Pressure is mounting on the development process for embedded software -- pressure to produce and move the stuff quickly, pressure to ensure quality amid hundreds of permutations on dozens of targets, and pressure to simplify and standardize on tools, testing, and builds -- all to bring the notion of rapid-agile to an hitherto-fore stodgy alcove of software production.
Or so I'm reminded this week after a couple of unrelated briefings that hammered home the need for major change in embedded development, one from Wind River Systems, which has rolled out its device software testing solution, Lab Diagnostics, and also Electric Cloud, which is automating and leveraging parallelism in the speeding and consolidation of builds infrastructure (often for embedded projects).

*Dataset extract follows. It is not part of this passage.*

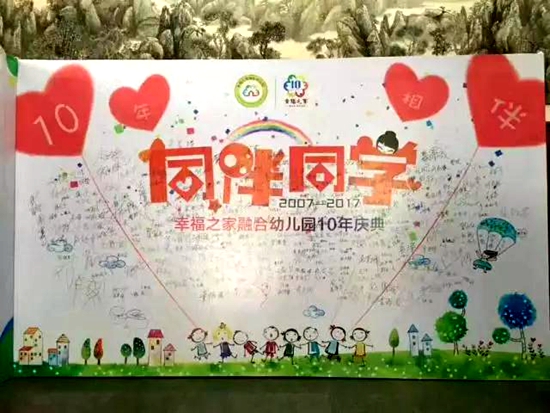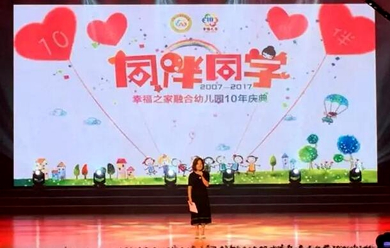 本次庆典分为四个环节,分别以:回望历程,感恩有你,温暖现在和爱传未来为主题。充分的将幸福之家的十年以不同的形式呈现了出来。追溯十年的办园历程,回首走过的风雨岁月,有欣喜、有感动、有泪水也有欢笑,幼儿园之所以有今天的发展,离不开各级政府对幸福之家的关心与支持,离不开社会各界爱心人士对自闭症儿童的帮助。融合教育,就是要让所有儿童得到合适的教育,使每个儿童都得到最佳成长机遇和对社会生活的最佳适应。感恩融合之路上的每一个人,因为有了你们,幸福之家的融合教育一定会谱写出更加辉煌的篇章。而幸福之家也一定会以一颗种子的力量,向外延伸课程,推动学前融合教育的发展。

First Wind River. The Alameda, Calif., company has been rolling out its sensor point technology in Workbench Diagnostics for a few quarters, building up to this week's crescendo, Lab Diagnostics -- the ability to gain feedback from device software functions in use (early and often), to provide diagnostics during development, during testing; to bring quality assurance into the process, not after it. The cost, as anyone knows, of resolving defects early is far less than otherwise.
So Wind River is allowing device software architects a clear, repeatable path to capturing more bugs in a virtual harness based on real-world activity (not only a model), and at a time when lack of error resolution can increasingly break the bank or make heads roll. The market needs this.
Off in another corner of the same improved development boxing match is Electric Cloud. The solutions proffered here are available to any kind of major software build, for enterprise or device software. For enterprise projects, the time required to fire-up the server farm for builds has been modest, given the cycles of development involved. But that is changing, to where the nature of development becomes more iterative and multiple builds on a frequent basis becomes the norm.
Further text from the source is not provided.